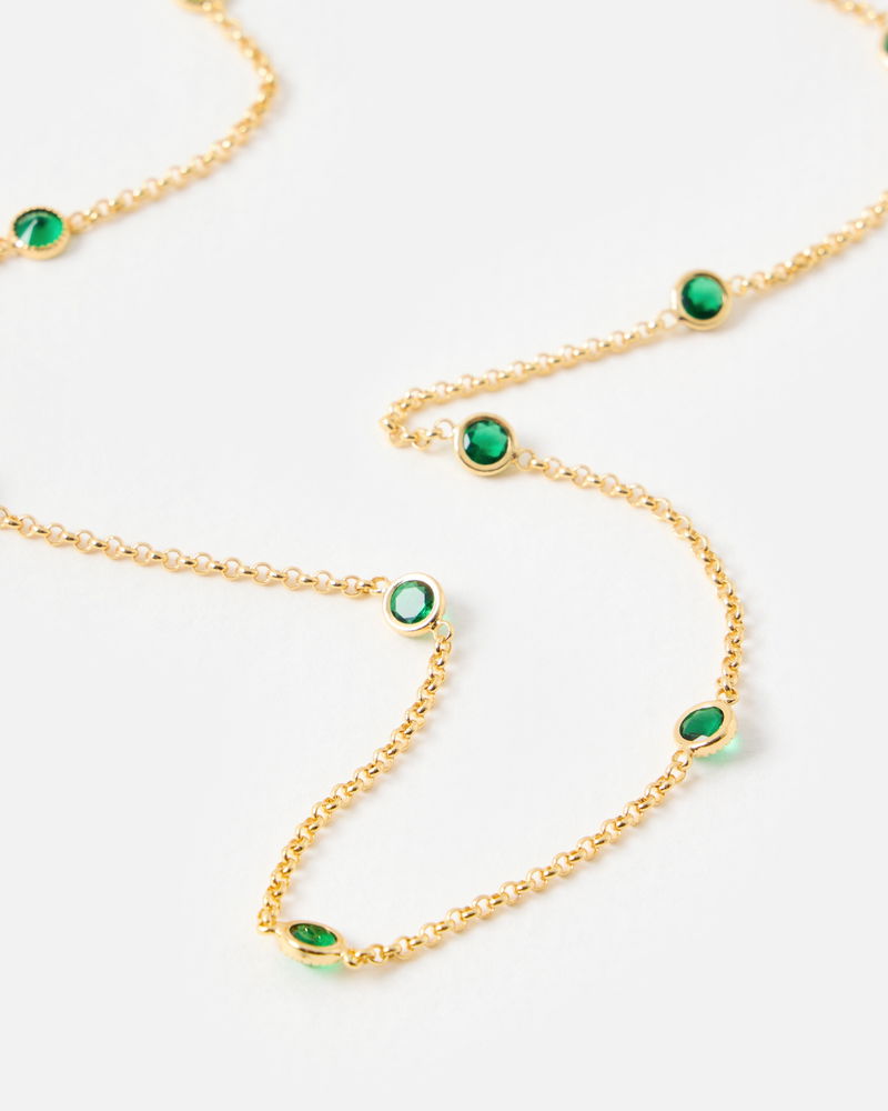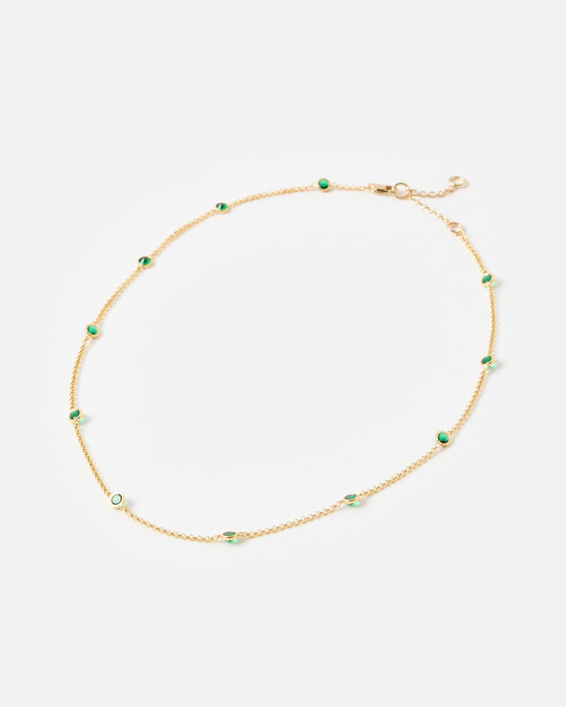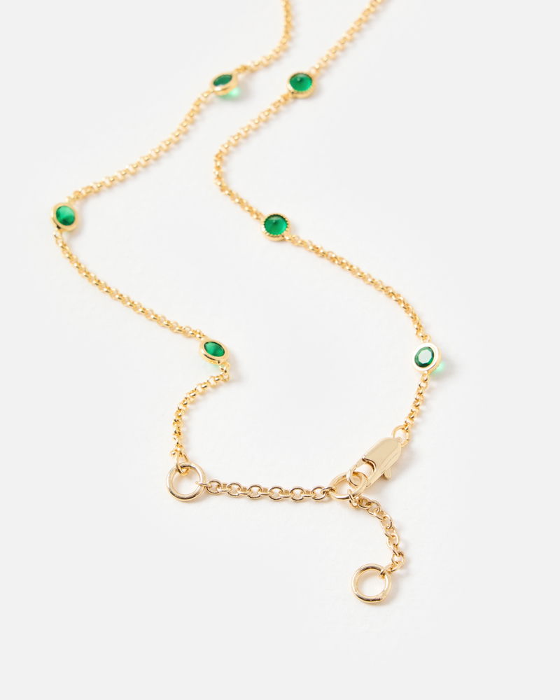 Dainty gold tone chain necklace interspersed with small green stones. Layer with matching gold jewellery for a co-ordinated necklace stack.
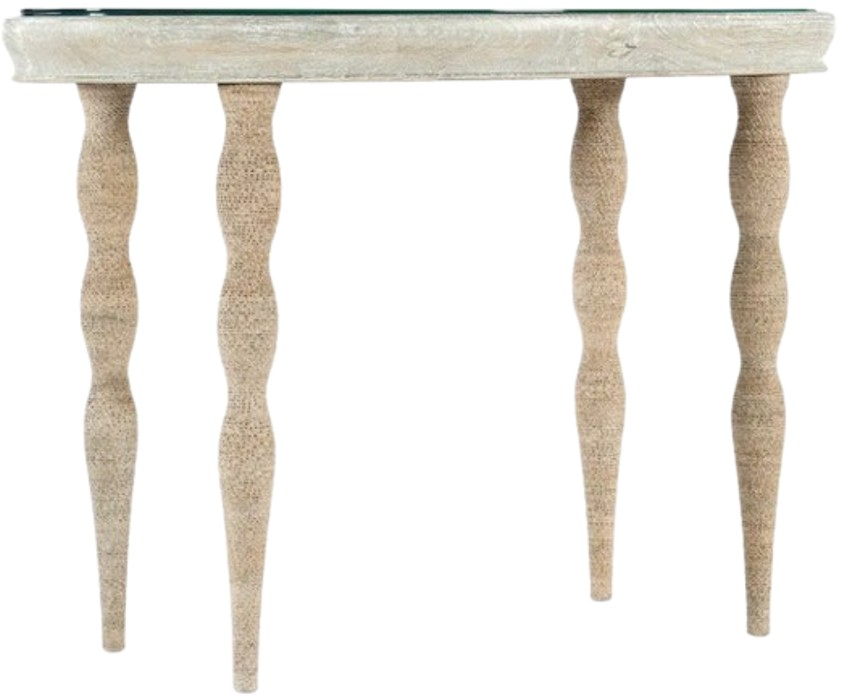 Bring the calming palettes and organic textures of waterfront living into your home with the oval-shaped Serenity Writing Desk. Crafted of oak veneers, it combines the light and airy Surf finish with whitewashed rope-wrapped legs and a painted glass top in tones of ocean blue and gold.Read More
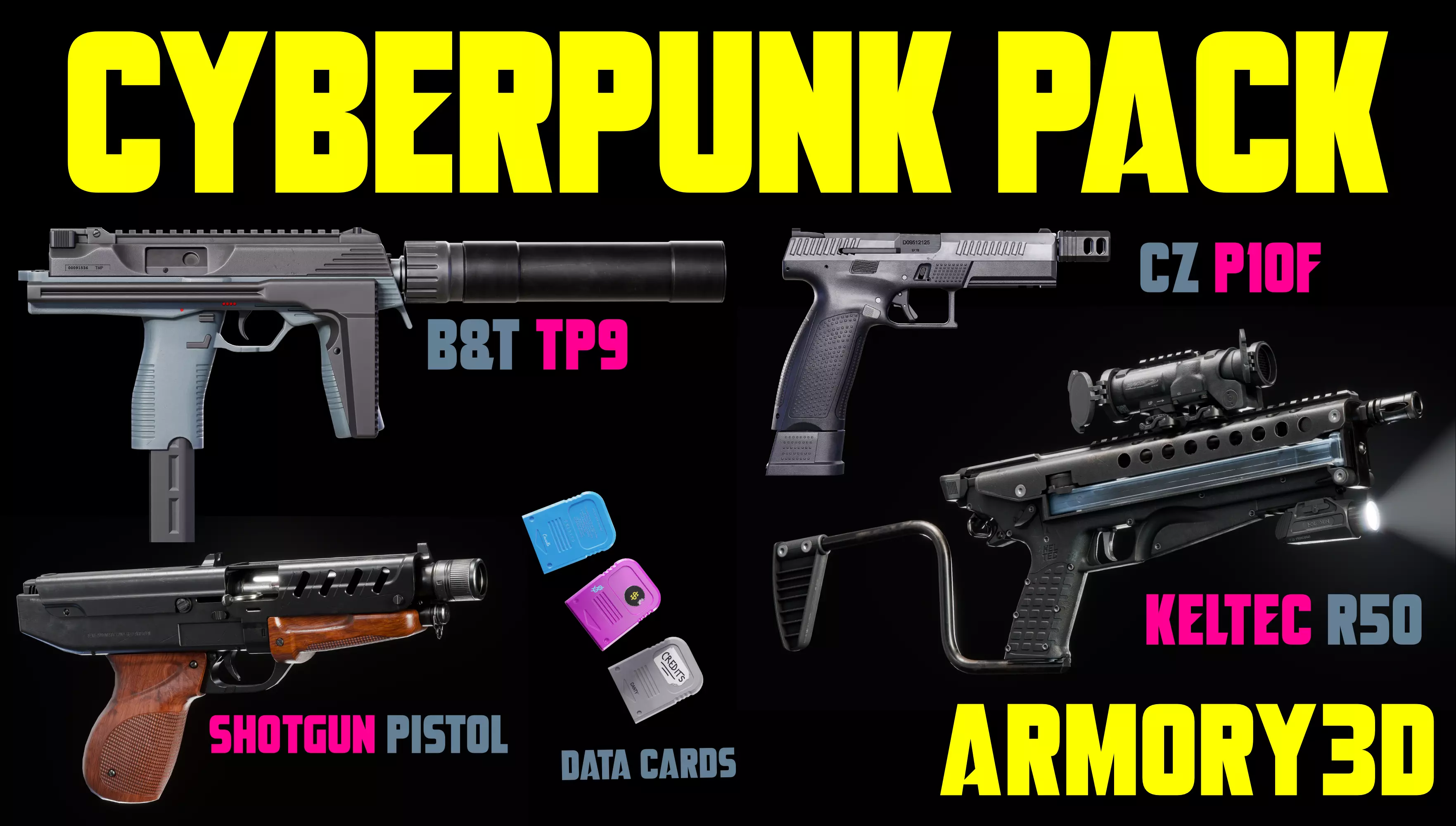 Game-Ready Models: Each weapon is fully rigged and optimized for immediate use in your game engine of choice.Low Poly Design: Ensures performance without sacrificing quality, perfect for VR and AR applications.Hyper-Realistic PBR Textures: Designed to enhance visual fidelity with realistic lighting and shading, bringing a true-to-life feel to your assets.Customizable Skins: The memory cards come in three unique skins, allowing you to customize your game’s aesthetic effortlessly.Rigged FBX Files: All models come with rigged FBX files, including compatible Unity and Unreal Engine files, making integration into your projects a breeze.Elevate your game’s arsenal with these essential cyberpunk weapons, designed to deliver both visual impact and seamless functionality. Whether you’re creating a dystopian world or a high-tech battlefield, this pack is your gateway to an unforgettable gaming experience. Don’t miss out – gear up and dive into the future with our Cyberpunk Weapons Pack!

Task objective:
Without copying any picture, write out all of the material exactly as it reads.

Exercise result:
 Dainty gold tone chain necklace interspersed with small green stones. Layer with matching gold jewellery for a co-ordinated necklace stack.
 Bring the calming palettes and organic textures of waterfront living into your home with the oval-shaped Serenity Writing Desk. Crafted of oak veneers, it combines the light and airy Surf finish with whitewashed rope-wrapped legs and a painted glass top in tones of ocean blue and gold.Read More
 Game-Ready Models: Each weapon is fully rigged and optimized for immediate use in your game engine of choice.Low Poly Design: Ensures performance without sacrificing quality, perfect for VR and AR applications.Hyper-Realistic PBR Textures: Designed to enhance visual fidelity with realistic lighting and shading, bringing a true-to-life feel to your assets.Customizable Skins: The memory cards come in three unique skins, allowing you to customize your game’s aesthetic effortlessly.Rigged FBX Files: All models come with rigged FBX files, including compatible Unity and Unreal Engine files, making integration into your projects a breeze.Elevate your game’s arsenal with these essential cyberpunk weapons, designed to deliver both visual impact and seamless functionality. Whether you’re creating a dystopian world or a high-tech battlefield, this pack is your gateway to an unforgettable gaming experience. Don’t miss out – gear up and dive into the future with our Cyberpunk Weapons Pack!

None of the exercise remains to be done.